The median asking rent in the U.S. fell 0.4% to $1,937 in March from a year earlier — the first annual drop since the Covid-19 pandemic hit in March 2020 — as the still-high cost of living and increased economic uncertainty hampered rental demand, according to a recent Redfin (RDFN) report.
“Rents are falling, but it feels more like they’re just returning to normal, which is healthy to some degree,” said Dan Close, a Chicago-based Redfin real estate agent. March’s median asking rent in the state was 9.2% below the year-ago mark.
The overall slump in U.S. rents largely stemmed from a supply glut resulting from the pandemic homebuilding boom. And with rental vacancies on the rise, landlords have been reducing rent and offering concessions.
Meantime, the median asking rent didn’t budge M/M in March, remaining 19.9% higher than it was at the onset of the pandemic.

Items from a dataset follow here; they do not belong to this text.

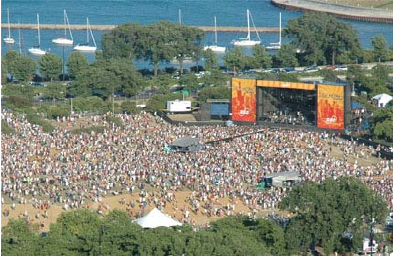
Fans can expect the action to start as early as 11:15 a.m. on Aug. 7 as the crazy schedule of acts performs until 10 p.m. each night. Other popular acts scheduled to perform throughout the

festival days include Ben Harper, Coheed and Cambria, Rise Against, Snoop Dogg, The Decemberists, and many more. As an added bonus for fans, or to kill time between desired performances, the f.y.e. Autograph Tent will also feature regularly scheduled appearances by various acts on the bill. Kings of Leon and Depeche Mode are scheduled to close out the action on Aug. 7 on separate stages while Tool and the Yeah Yeah Yeahs close out Saturday night. In what is sure to divide loyalties among rock music fans, Jane's Addiction and The Killers perform at the same time to close out the festival on Sunday night. Fans can purchase a regular 3-day pass for $205 at lollapalooza.com . Single-day passes are also currently available for $80 each. For more on Lollapalooza, including ticketing and schedule info, log on to lollapalooza.com .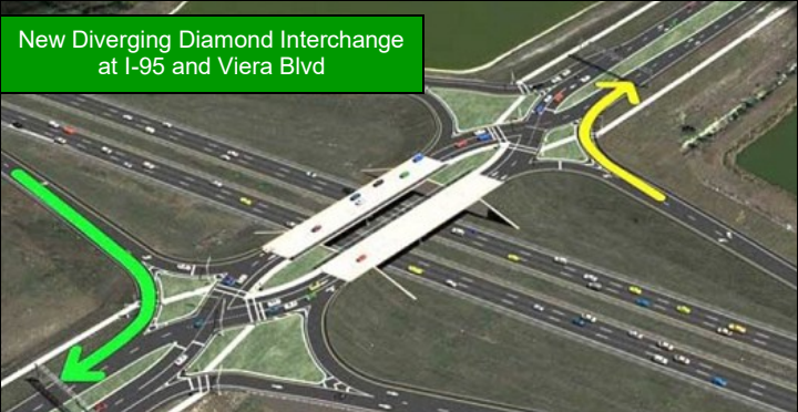
New Diverging Diamond Interchange at I-95 and Viera Blvd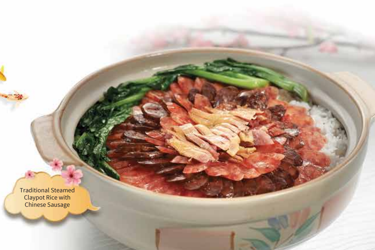
Traditional Steamed Claypot Rice with Chinese Sausage

Fried Rice with Roasted Pork and Petite Abalone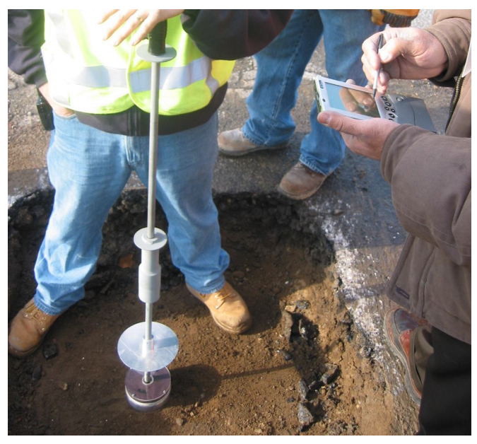
Research has shown the Utility Dynamic Cone Pentrometer to be an attractive, cost-saving alternative to more commonly used soil-compaction-measurement equipment.

As part of the program, utilities performed demonstrations of the Utility DCP for New York City agencies and Department of Transportation regulators to show the potential of the DCP as a cost-effective alternative to the nuclear density gauge.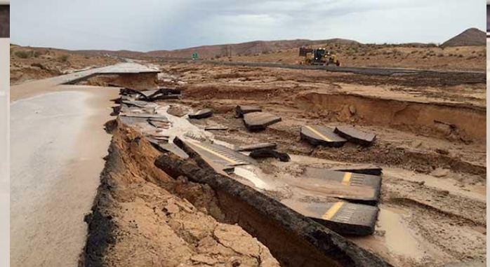
September, 2014 Near Moapa, NV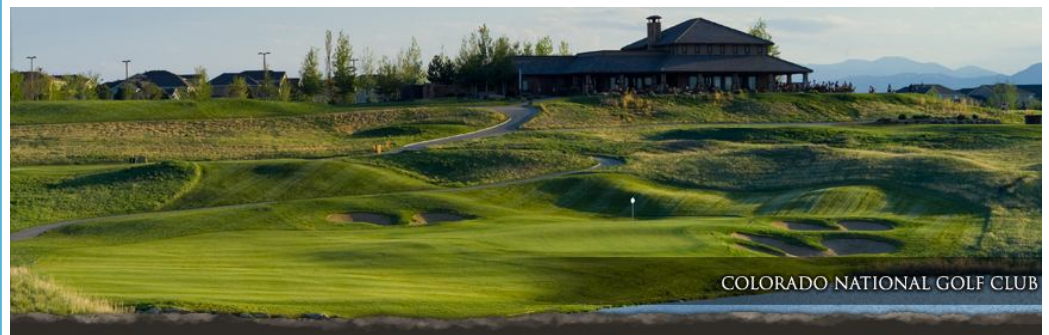
COLORADO NATIONAL GOLF CLUB

The Colorado Foundation for Conductive Education is a 501(c)(3) public charity committed to providing opportunities for individuals with motor challenges to achieve optimal physical, cognitive and social independence through the application and promotion of Conductive Education principles.

At the same time, wages increased at roughly the same pace.
During the pandemic, some “tried to sell but didn’t get a satisfactory offer due to slowing homebuyer demand, Close added. “Now we have a lot of rental supply, which is bringing prices down because renters have more options.”
The metro areas that saw the biggest rent declines featured Austin, Texas (-11%), Chicago, Illinois (-9.2%), and New Orleans, Louisiana (-3%). By contrast, Raleigh, North Carolina (+16.6%), Cleveland, Ohio (+15.3%), and Charlotte, North Carolina (+13%), were among metro areas logging the largest rent gains.
A big part of the reason why consumer price inflation remains stubbornly high is — you guessed it — rent, which generally lags home prices. While headline CPI slowed a full percentage point to 5.0% Y/Y in March, core CPI, which strips out volatile food and energy prices, accelerated to 5.6% from 5.5% in February.
But things appear poised to improve on the core front as rent inflation starts to retreat. Odeta Kushi, deputy chief economist at First American Family of Companies, took to Twitter saying “both owners’ equivalent rent (OER) and primary rent, (~41% of Core CPI), rose 0.5% after bouncing between monthly increases of 0.6%-0.8% for approximately a year. More shelter inflation deceleration to come.”
“Shelter inflation deceleration will drag the overall CPI lower in the coming months, demand growth appears to be slowing & so does wage growth,” Kushi added in a follow-up tweet.
For the week ended April 13, the 30-year fixed-rate mortgage averaged 6.27%, down slightly from the 6.28% mark in the week prior and up from 5.0% a year before.